Akademiden bilime ve bilim karşıtlığına eşit mesafede durmasını beklemek naiflik. “Hem bilim hem de bilim karşıtı etkinlikler yapılsın, onlar bilim karşıtlığı yapıyorsa bize düşen çıkıp güzelce bilimi anlatmaktır” şeklindeki bakış açısının hangi gelecekte nasıl bir faydalı sonuç getireceği ve bunun ne gibi gerekçelere dayandırıldığı epey kaygan bir zemin. Bilim karşıtlığı karşısına bilimsel argümanlarla çıkmak, ülkemizde (ve dünyada) yapılmamış bir şey değil (ayrıca sanılanın aksine ülkemizde evrim üzerine herkesin özgürce söz söyleyebildiği çok sayıda platform mevcut, üniversite bunlardan biri olmamalı). Bu bilimsel platformda sürdürülen özgür bir mücadele olsaydı, böyle bir mücadeleye gerek bile duymazdık.
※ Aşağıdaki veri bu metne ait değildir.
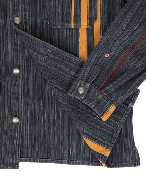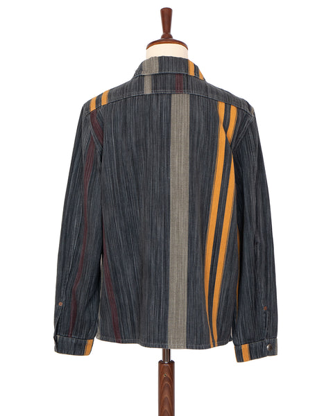 Chore coat cut from a stripe pattern cotton fabric. Woven in Japan on narrow shuttle looms. Additional details include metal concho buttons and two patch pockets on front.

Sorun akademide karşı karşıya gelip bilimsel argümanlarla mağlup edip etmeme meselesi değil, onlara meşruluk kazandırıp kazandırmama meselesidir.
Beynimiz de bedenimiz gibi istismara açık. Bilimsellik kisvesi altında böyle girişimler ise doğrudan beyinlerimize tecavüz etmeye yönelik. “Rızası var” mı diyeceğiz? Tecavüzü savunmak, göz yummak, bir yanda birilerine tecavüz edilirken öbür yanda sadece tecavüzün ne kadar kötü bir şey olduğunu anlatmakla yetinmek, tecavüze ortak olmaktır. Gelin siz bu tecavüze ortak olmayın.
if
1 comments
Fazlasıyla katılıyorum. İfade özgürlüğü çerçevesinde elbette evrim karşıtlığının da dile getirilmesi gerekir ancak bunun yeri “deneye ve gözleme dayanan verileri konu edinen bilimin öğretildiği” üniversiteler olamaz. Çünkü yaratılışçılık test edilebilir veriler içermiyor, deneye tabi tutulamıyor. Bilimin olmazsa olmaz niteliklerinden yoksun bir konuya bilim kılıfı geçirerek üniversitelere anlatmaya çalışmanın ifade özgürlüğü ile ilgisi yoktur. Bu etkinliği düzenlemek isteyenlerin üniversitelerden bağımsız, nötr ortamlarda bunu gerçekleştirmesine kimsenin bir diyeceği yoktur.